My dad told me when grandpa was on his death bed in a hospital just after I was born in 1970 grandpa wanted a cigarette real bad and no one would give him one. So dad gave him one of his cigarettes. Grandpa would take a puff every few hours, and one smoke would last a long time.

In the 1980s hospitals started to crack down on smoking. And, about the same time nurses were allowed to wear more creative clothing than those prototypical white nursing uniforms and caps, smoking disappeared from hospitals.

When I was hired here in 1997 there was still yellowed tile in the nurses report rooms from when they used to smoke there. The elder nurses here have told me of how they used to sit and smoke at the nurses station while they charted. Patients used to smoke in their rooms.

They have finally disappeared, but we used to have little red magnets that said, "No Smoking" plastered on the file cabinets in the RT Cave. I never once used one, but these were supposed to be stuck onto the doors of rooms where oxygen was in use.

The policy eventually was changes so that if you wanted to smoke you had to go out to your car. However, I remember several nights the nurses would poke their heads out the door and puff. This habit was ended, however, when one summer many patent's had their windows open, and the smoke wafted in. Many patent's complained, and the practice was put to a sudden end.
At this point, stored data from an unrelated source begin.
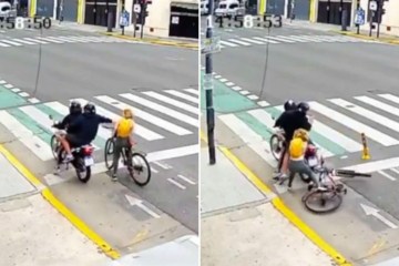 Incredible moment tourist fights off bike muggers who tried to snatch her phone
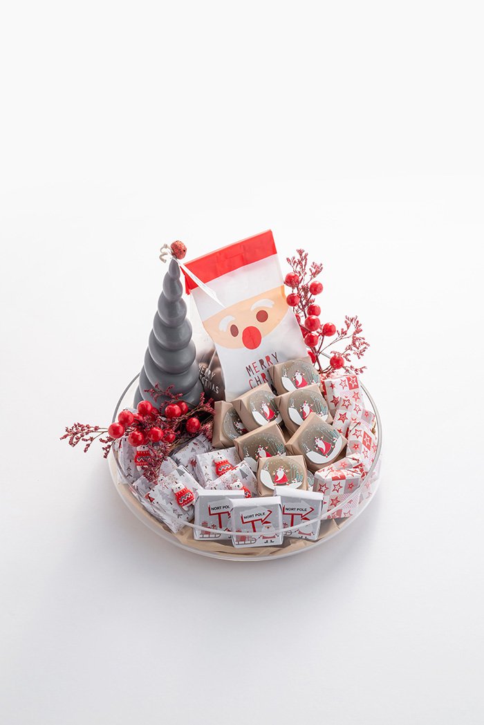 -500G of Belgium chocolate with mix fillings (almond- pistachio, caramel, wafer, hazelnut) in a special Christmas wrapping and accessories.
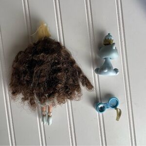 Includes original plastic bottle containers, Doll, pet, lipgloss (hole poked through seal used once) accessories
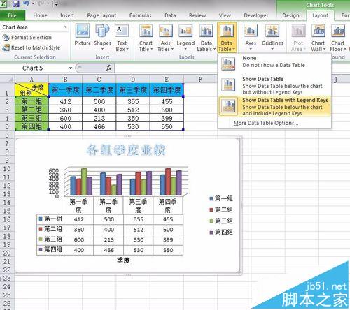 4、还可以在图表中添加数据表,这样就可以将数据和图表整合在一起,便于阅读图表信息。如图所示。
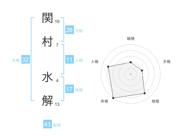 関村 水解さんの総格は43画の2点!
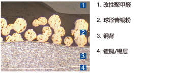 SE-020金属复合边界润滑材料以优质低碳钢为基板,中间烧结球形多孔铜粉层,表面扎制以改性聚甲醛(POM)或聚醚醚酮(PEEK)为主的耐磨润滑材料作为轴承工作层,表面规则的油穴不但可以储存油脂,而且可以有效埋没外部入侵的粉尘,提高了轴承的使用寿命。这种材料具有优异的机械承载能力,中间铜粉层不但可以及时传递轴承运行过程中产生的热量,同时也提高了塑料层与基板的结合强度。以POM或PEEK为主的表面耐磨材料设计适用于油脂润滑工况,轴承表面有规律地排列着用于储存油脂的油穴以保证润滑剂在整个轴承表面的最佳分布。

So up until a few months ago my co-workers who smoked were allowed to do so with restrictions. However, that has come to an end. No person who works here is allowed to smoke on campus. Not only that, no person who works here can smell of smoke. Not following this policy is grounds to be sent home. And, if it is evident someone is not willing to comply, this is grounds for dismissal.

At first I thought this was quite harsh, but after further thinking about it I think this is pretty good, especially since this is a hospital, and many of our patients are Asthma and COPD patients who can have an attack just smelling smoke on someone.

I know this is true because just tonight I had to give a breathing treatment to an asthmatic kid, and both his parents reeked of smoke and filth. When I walked out of that room I had to use my inhaler, and I have controlled and mild asthma.

If it were a factory making a policy like this, I think I'd feel this policy is going too far. I think it's fine for a business to tell someone they can't smoke on campus, but to say they can't come in smelling of smoke is a bit overboard. Yet this is perhaps for the best for a hospital.

Wednesday, April 8, 2009

Now we have e-smoking

We already have e-mail, e-bay and e-magazines. Coming soon to an atmosphere near you may be e-cigarettes. Imagine a future of e-cars filled with people e-smoking.

Anyway, I found this ad while searching for something completely unrelated to this and thought it was a joke at first.